Troubleshooting Network Issues

  1. "Hub is unreachable": Ensure nodes are powered on or check hostname resolution:

    ping gillsystems-main
  2. Preflight fails: Check that target nodes are running Commander OS

  3. Discovery finds wrong node: Ensure each node has the /identity endpoint (included in v1.4.0+)

  4. Port already in use: Launchers automatically clear stale processes. Run again if needed.

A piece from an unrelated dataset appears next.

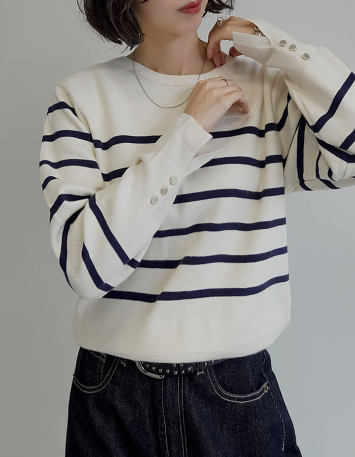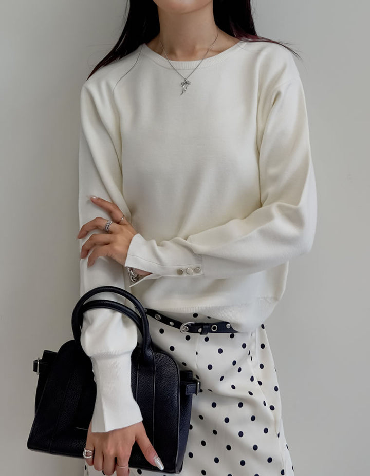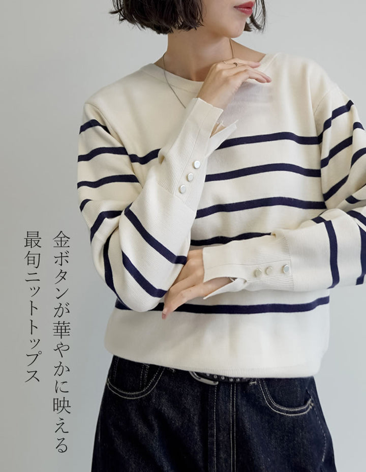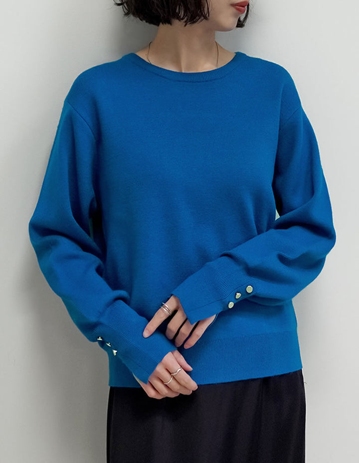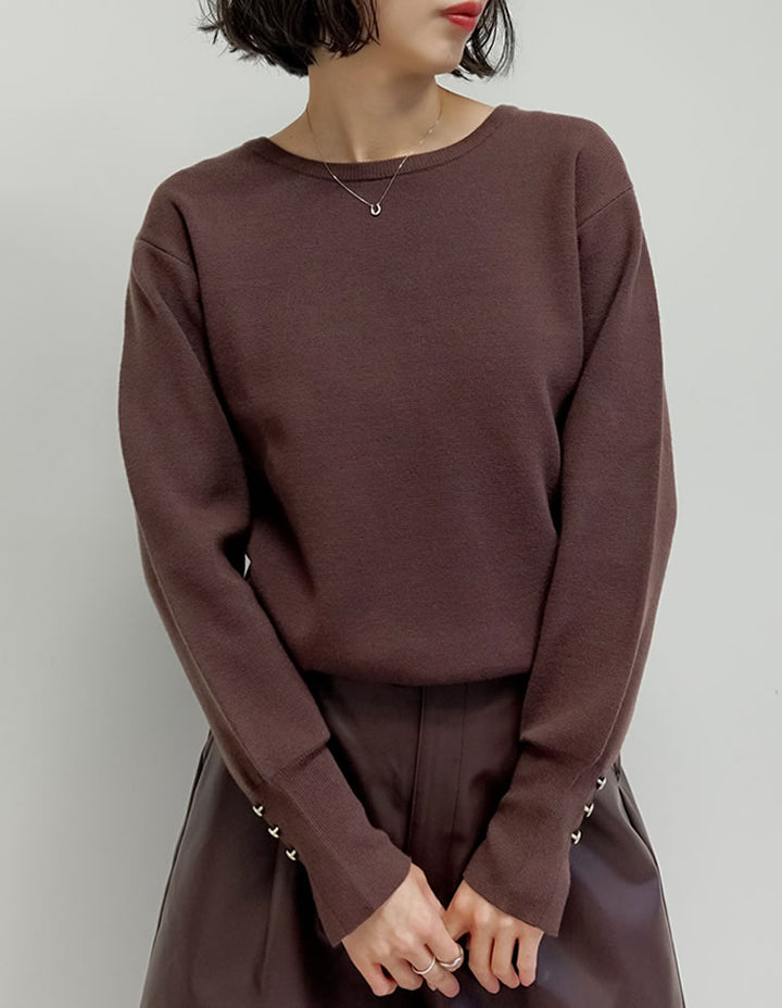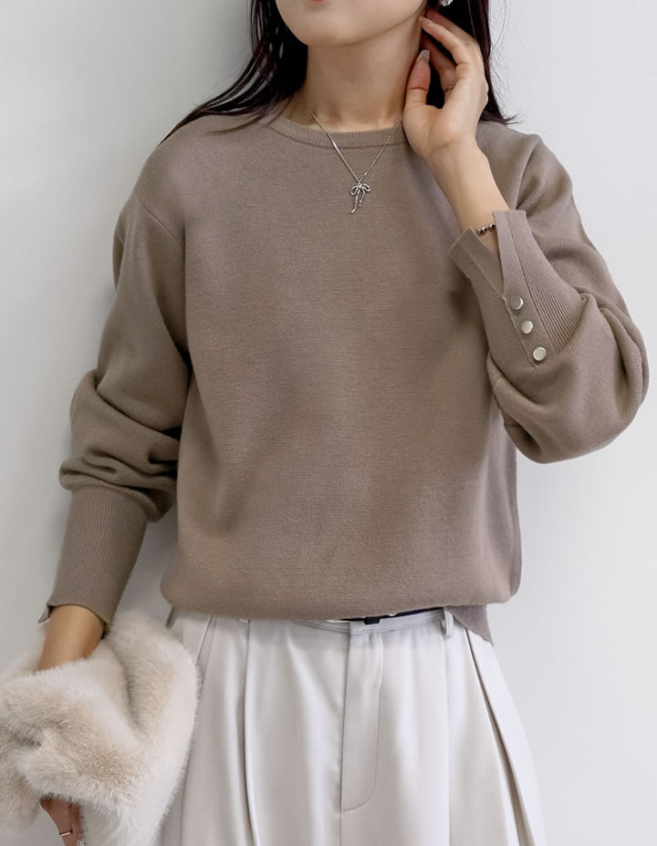 【クーポンで20%OFF ¥3,747⇒¥2,997 】〖クーポンコード:SH_20_2510〗ミラノリブ袖ボタンクルーネックニットトップス[mb]

  5. Best Practice: Set up DHCP reservations on your router to give each machine a stable IP address


Maintenance & Troubleshooting

Clearing Ghost Processes

If you encounter [Errno 98] Address already in use, it means a previous instance of the Commander is still hanging in the background. Use the following tactical clearance scripts to reset your node's ports:

  • Linux / Steam Deck:
    ./kill_all_active_port_stealers_for_your_node.sh
  • Windows:
    kill_all_active_port_stealers_for_your_node.bat

System Requirements

  • OS: Windows 10/11 or Linux (Ubuntu 20.04+)
  • Python: v3.10 ONLY (Strict Requirement)
    • Warning: Python 3.14+ will cause dependency failures
  • Node.js: v20+ (LTS Required for Vite compatibility)
  • GPU: AMD Radeon 7000 Series (Optional, for Local LLM Acceleration)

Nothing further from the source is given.